To start the application through the viz follow the directions here: https://gridappsd.readthedocs.io/en/latest/using_gridappsd/index.html#start-gridapps-d-platform
Fault events can be added using the Test Configuration page. The added events for a simulation can be seen in the Events view. An example of the event is shown here: https://github.com/Jeffrey-Simpson/gridappsd-cmd/blob/master/saved_examples/test_scheduled_event_1_fault.json
Note that the WSU-Restoration application gets triggered only when the fault event is added in the test case. During normal operation, application stays quite.

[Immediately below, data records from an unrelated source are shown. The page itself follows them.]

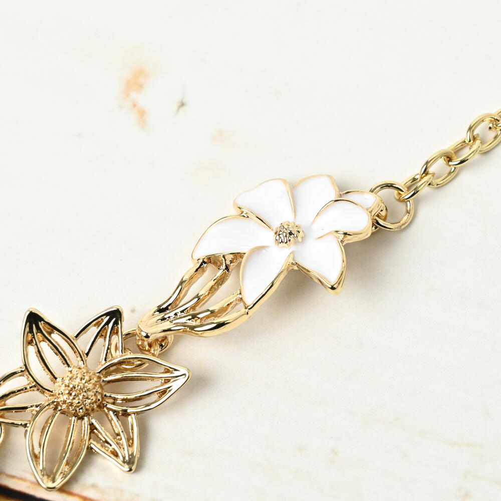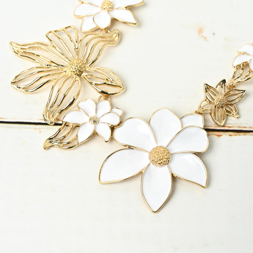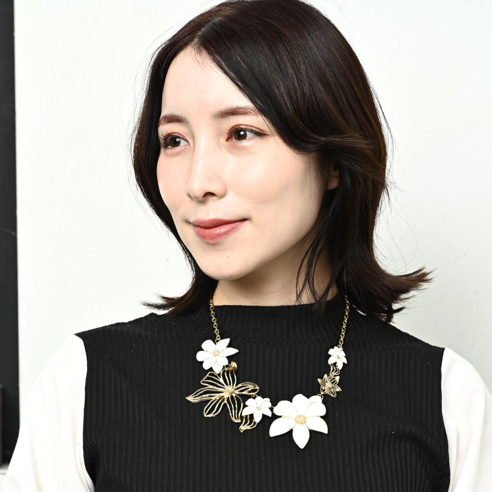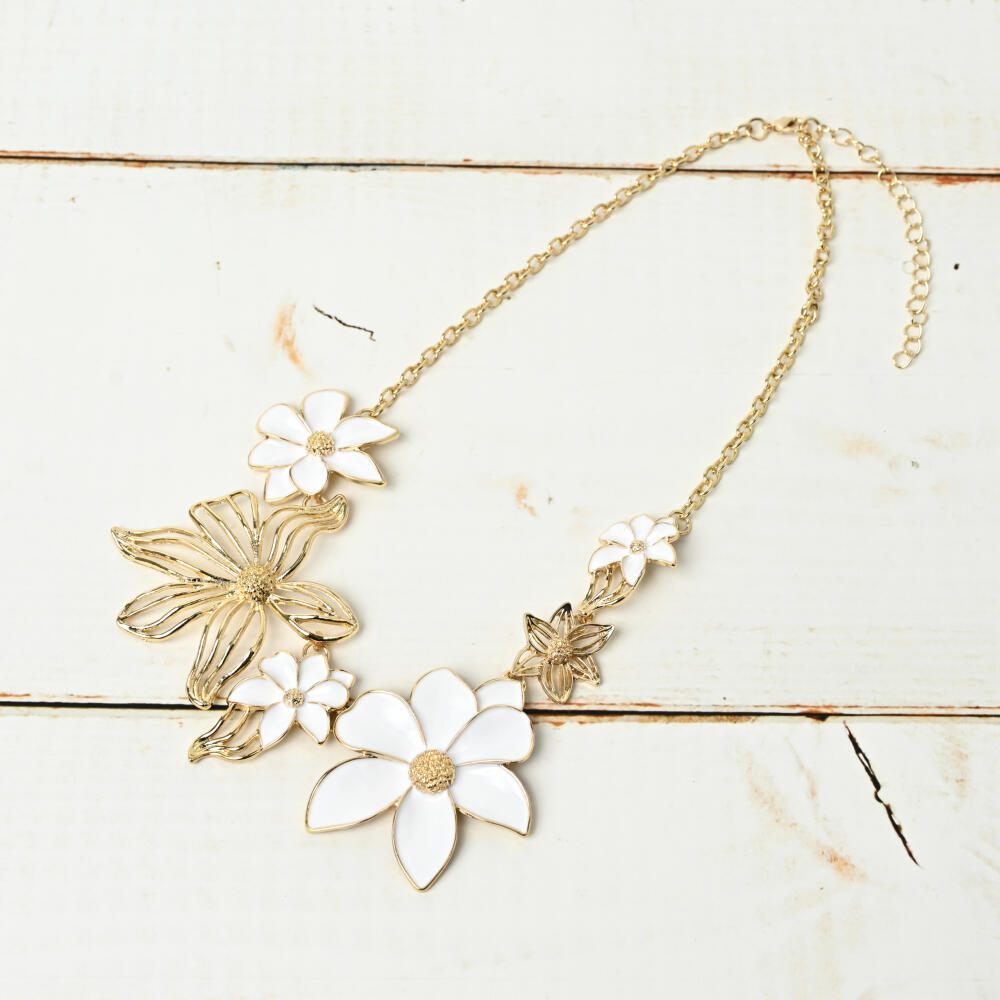 ネックレス レディース 花 フラワー 白 ゴールド メタル 大きめ お洒落 カジュアル プレゼント N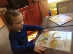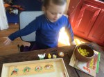Our newest hands on science project was learning about the life cycle of the chicken. The kids really enjoyed this setup. It included books about the life cycle of the chicken that also explained the stages of egg growth. We have a kit which represents the growth that goes on in the inside of an egg in order for it to reach the chick stage. So we put this out too. There were figures present to represent the life stages and cards to match. A little life cycle puzzle of the chicken is in the tray. Lily preferred to match this to the stages instead of the cards. I also had a made up book of the parts of a chicken that Maggie took interest in matching the cards parts. (3 part cards). I even found some inflatable chickens to draw the kids interest in the table and it worked beautifully and the chickens lasted for at least 2 days! I’m glad we started this project before Easter because now we can have more discussions during our Easter egg hunts, etc.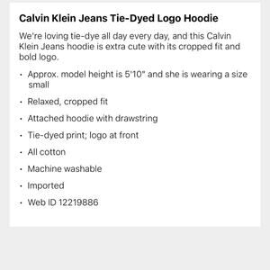 New with tags Calvin Klein hoodie. Oversized , relaxed fit. Pink Tie-Dye.

In the optimization problem, test feeders are modeled as graph; G (V, E), where V is set of nodes and E is set of edges. The graph and line parameters of the test feeder can be extracted from (https://github.com/shpoudel/D-Net).
First, the real time topology of the test case is extracted from the operating feeder in platform (top_identify.py). Then, load data for each node is obtained (get_Load.py) and stored in json format to be used in linear power flow while writing constraints for optimization problem.
Once fault is identified in the test case, Isolation.py is invoked which isolates the fault from all possible directions. Then restoration_WSU.py solves the optimization. The output of optimization is the list of switches to toggle for reconfiguration such that load restored is maximixed. Grid-forming DERs can also be utilized to form islands if required.